The only question now is: what will they be called?

Delta was the last one, but Omicron is not the next letter. That would be epsilon. If you’re wondering, as I was, why they skipped ahead in the alphabet, I think I figured it out. Some virus-naming committee at the W.H.O. – let’s call them WHO – picked a name with a nod to another word English inherited from Greek: onomatopoeia. This is defined as the use of words that imitate the sound of what they represent: like snap, boom, pow!

I’m going to stretch this definition and claim that the WHO-dunits have employed it as a kind of Cockney rhyming slang, thus:

Omicron = Oh my God! It’s yet another variant!
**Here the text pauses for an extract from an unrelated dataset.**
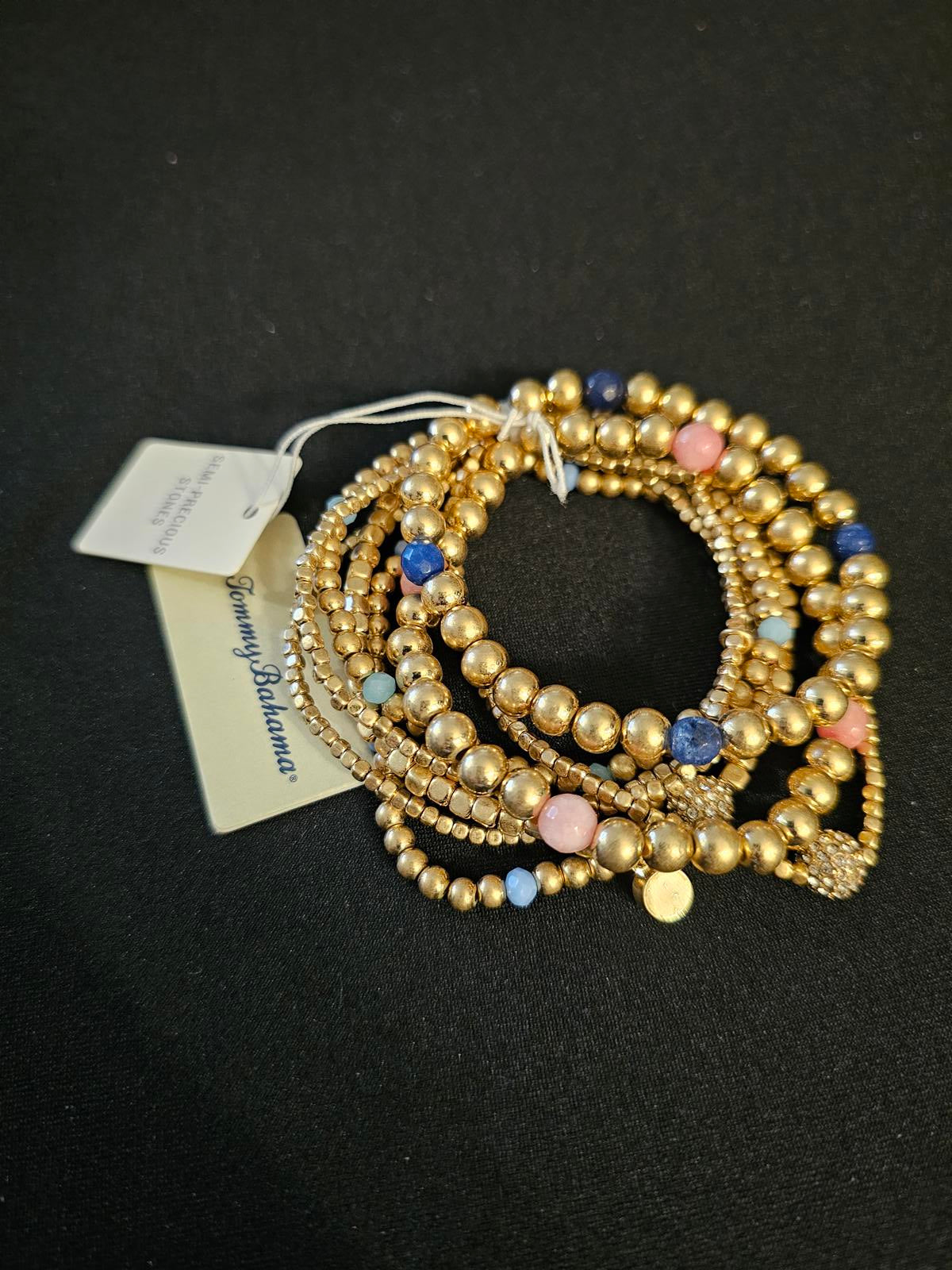 Elevate your accessory collection with this stunning set of stretch bracelets by Tommy Bahama. Featuring a beautiful combination of golden beads and semi-precious stones in shades of pink, blue, and more, these bracelets are perfect for layering or wearing alone. The soft stretch allows for easy on-and-off while providing a comfortable fit. Ideal for both casual and dressy occasions, this versatile set will add a touch of elegance to any outfit.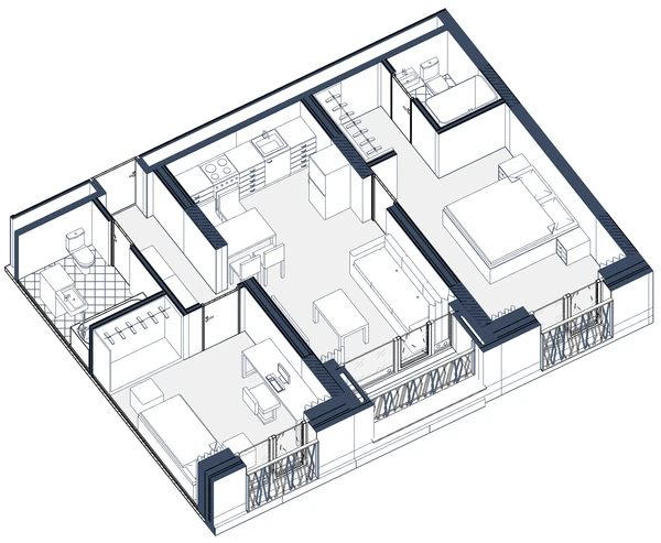 Мы сдаём квартиру с предчистовой отделкой. Это наиболее удобный для покупателей формат. Все грязные, пыльные, шумные работы мы уже выполнили: залили стяжку с шумо- и гидроизоляцией, выстроили ровные межкомнатные стены, развели электрику и слаботочку.

With some imagination and tongue-twisting, we can foresee which Greek letters the WHO-dunits will use for the next variants lurking around the corner in 2022:

Mu = Mutated again!
Rho = Wrong! The virus is not going away.
Sigma = See what I said? It’s yet another variant.
Tau = Told you it wasn’t going away!

Come to think of it, the W.H.O. should reimburse me for supporting them with this eloquent wordsmithing.

In any case, I will take my cue from Sleeping Beauty. While others debate what to name the next slew of virus variants, I shall put on a long gown and nestle down in the covers.

Wake me up when we’ve reached the last letter of the Greek alphabet, omega, as in: Oh my God, it’s over!